Judge John Milton Bryan Simpson Papers
Scope and Content
This collection contains correspondence, newspaper clippings and case briefings. Box 1 contains briefings from civil rights cases in St. Augustine, especially complaints of racial injustice, lack of police protection for demonstrators, and segregation in hospitals, hotels and restaurants. Notable cases include Andrew Young vs. Governor Farris Bryant, regarding the protection of demonstrators in St. Augustine, and Lucille Plummer vs. James Brock (owner of Monson's Motor Lodge) regarding unlawful segregation. Boxes 2 and 3 contain favorable and unfavorable letters about Judge Simpson's rulings; newspaper clippings about the cases; and miscellaneous notes. For biographical information - including photographs in a photo album, speeches, and an audio cassette about the judge - see Box 4. Boxes 5 and 6 contain general correspondence files arranged chronologically from 1950 to 1983. The remaining boxes contain correspondence between the judge and prisoners, typically in regards to appeals. These are arranged alphabetically by last name of prisoner from H-Z. (The correspondence for A-G appears to be missing from the collection.) Boxes 11-12 contain docket papers for the U.S. Court of Appeals for the 5th Circuit, Jacksonville, dating from 1961 to 1978.
Dates
- Creation: 1933-1983
Creator
Access
The collection is open for research.
Biographical/Historical Note
John Milton Bryan Simpson was born in Kissimmee, Florida, on May 30, 1903. He graduated from the University of Florida Law School in 1926. He then moved to Jacksonville, where he ran a private practice and later worked as a judge in the Criminal Court of Record of Duval County from 1939 to 1946. During World War II he worked in France rebuilding local government. In 1950, President Harry S Truman appointed him to the U.S. District Court for the Southern District of Florida. From 1962 to 1966 he served as chief judge for the U. S. District Court Middle District of Florida. He served on the U. S. Court of Appeals from 1966 until his death on August 22, 1987.

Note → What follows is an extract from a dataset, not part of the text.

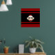 Cute Smiling Sock Monkey Face on Red Black Poster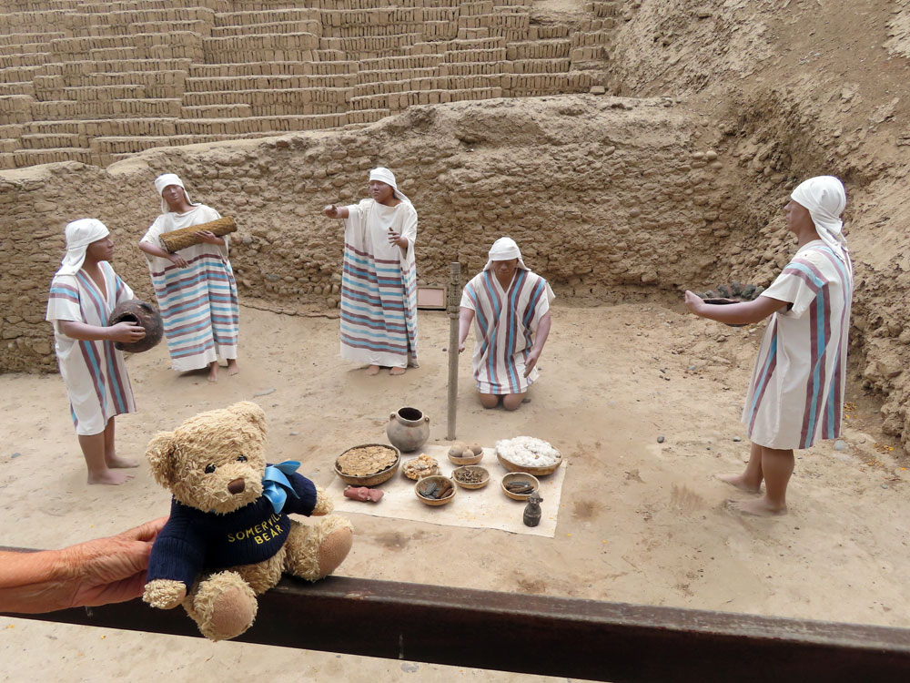 We then drove to Miraflores and the private site of Huaca Pucllana . This was much more impressive being a temple built of millions of Adobe bricks around 100 A.D. the other site had been modern and was of 1100 A.D. so we enjoyed the second site but we’re not allowed to wander off by ourselves at all. Huaca Pucllana is a great adobe and clay pyramid located in the Miraflores district of central Lima, built from seven staggered platforms. It served as an important ceremonial and administrative center for the advancement of the Lima Culture, a society which developed in the Peruvian Central Coast between the years of 200 AD and 700 AD.

Simpson was known for his willingness to "listen to the Supreme Court and the national voice on civil rights and to ignore the local din that would drown it out" (Friedman 1965, 213). This was exemplified by his efforts to ensure the constitutional rights of St. Augustine's Black citizens during a period of racial crisis in the mid 1960s, particularly in 1964. Judge Simpson enforced compliance with the Civil Rights Act of 1964 amongst the city's business owners and law enforcement officers within days of its signing.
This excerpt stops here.